This publication is CPI’s analysis of the Smallholder Forestry Vehicle, an innovative climate finance instrument endorsed by the Global Innovation Lab for Climate Finance (the Lab). CPI serves as the Lab’s Secretariat. Each instrument endorsed by the Lab is rigorously analyzed by our research teams. High-level findings of this research are published on each instrument, so that others may leverage this analysis to further their own climate finance innovation.
In Africa, 65% of land is affected by degradation, reducing the resilience of communities to drought, flood, and other effects of climate change. At the same time, as African economies grow and urbanize, demand for domestic industrial wood products continues to rise, but new forest plantations are difficult and costly to establish.
Smallholder forestry presents a critical opportunity to meet these twin challenges. Smallholder forestry can restore unused, degraded portions of smallholder farming plots. At less than 20% of the cost of traditional plantations, smallholder forestry can also provide climate resilient long-term savings and diversification to farmers.
The Smallholder Forestry Vehicle is the only investment mechanism that enables private investors to invest in smallholder forestry in Africa, while also reducing capital costs for forestry companies that provide technical support and market linkages to smallholders. Specifically, the Vehicle fills a crucial gap in Africa, where extremely limited investment is occurring in forestry. It also improves results through a strong cooperation model between an operating company and farmers, and reduces transaction costs for investors and reduces some risks of plantation forestry. The proof of concept facility will finance the restoration of 5,000 hectares of degraded farmland and provide more than 16,000 farmer households in Kenya with over US$ 1,200 of climate resilient savings.
At scale, each Smallholder Forestry Vehicle could restore 15,000 hectares of degraded land, providing each of 50,000 farming households with US$ 1,500 in climate resilient savings and achieving a modeled 17% gross internal rate of return. Smallholder farmers accumulate wealth similarly to a savings plan, by maintaining trees and receiving payments at thinning and harvest. By providing non-climate dependent income and crop diversification, the partnership thus reinforces farmers’ climate resilience. Beyond the proponent’s own operations, other smallholder forestry projects, such as those run by international organizations, out-grower programs, conservation funds, and NGOs, as well as intermediaries operating in other sectors, such as agriculture, may also raise financing using this approach.
Prior to planting, the Company will work with farmers and their communities to assess land suitability and secure land use rights for tree growing. The land consists of unused, degraded portions of smallholder plots. Once enrolled, farmers contribute land and labor, and are paid a market price for harvested trees. The Company provides training, planting inputs, maintenance support, harvesting services, and a guaranteed market for the trees.
The Company sells a portfolio of tree production contracts to a Special Purpose Vehicle (SPV) after approximately one year of tree growth. The Company will buy back the tree production contracts prior to final harvest. Farmer compensation is set by a transparent algorithm that establishes a minimum compensation price, but rewards farmers for better-than-expected tree growth and market prices.

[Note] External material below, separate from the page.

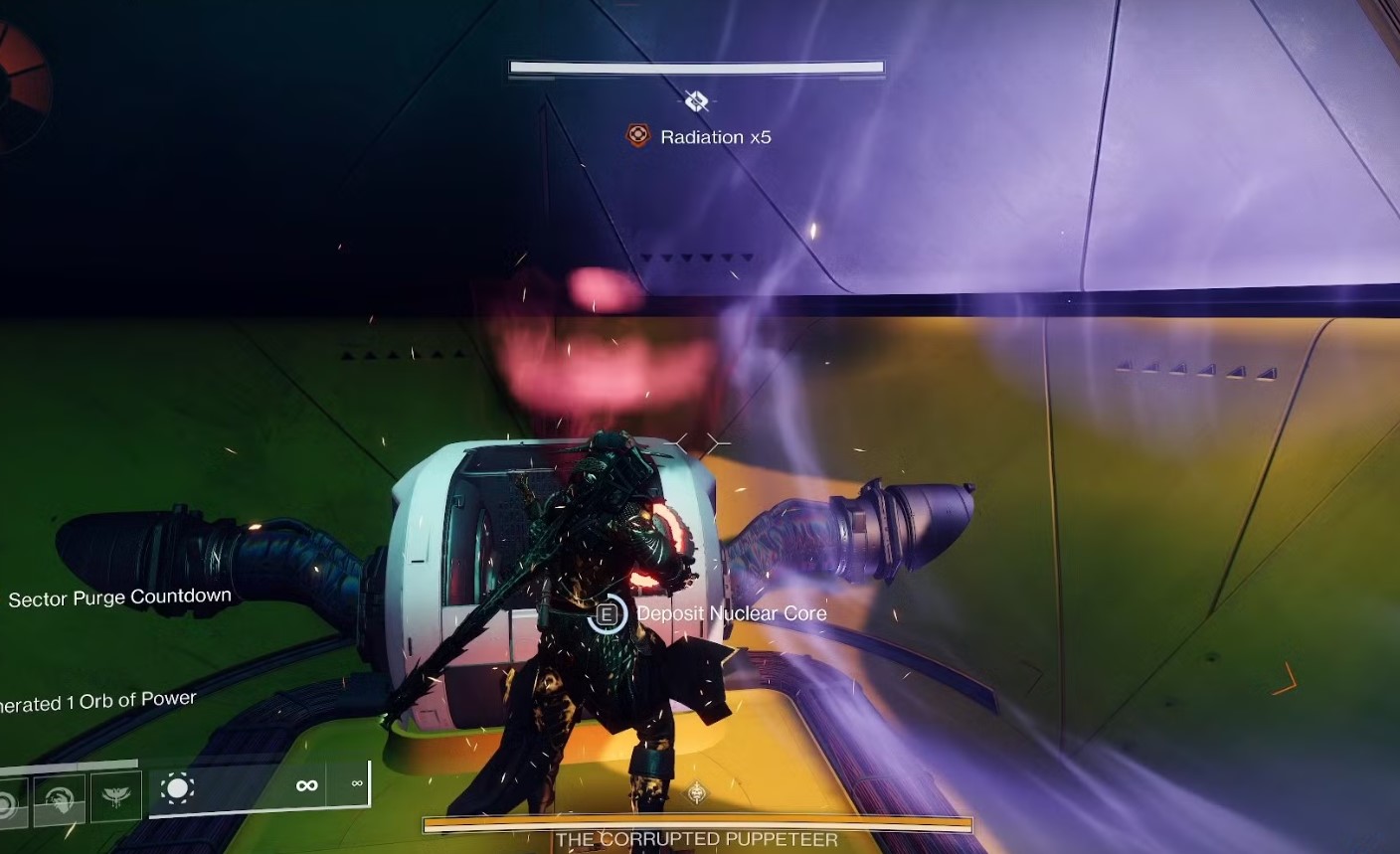 Once you start the encounter, there is a large sphere in the middle of the room, with 3 deposit boxes behind it. Your goal is to grab 3 Nuclear Cores from the 3 open rooms in the arena and dunk them in the 3 deposit boxes, one for each Nuclear Core.

The Vehicle is under development by Komaza, a smallholder forestry company in Kenya with more than 10 years’ experience in partnering with 14,000 smallholder farmers, over half of whom are female, to plant and harvest 3,800 hectares of trees. The instrument will first be deployed in coastal Kenya in Kilifi and Kwale counties, the site of the Proponent’s current operations and an area of high vulnerability to climate change.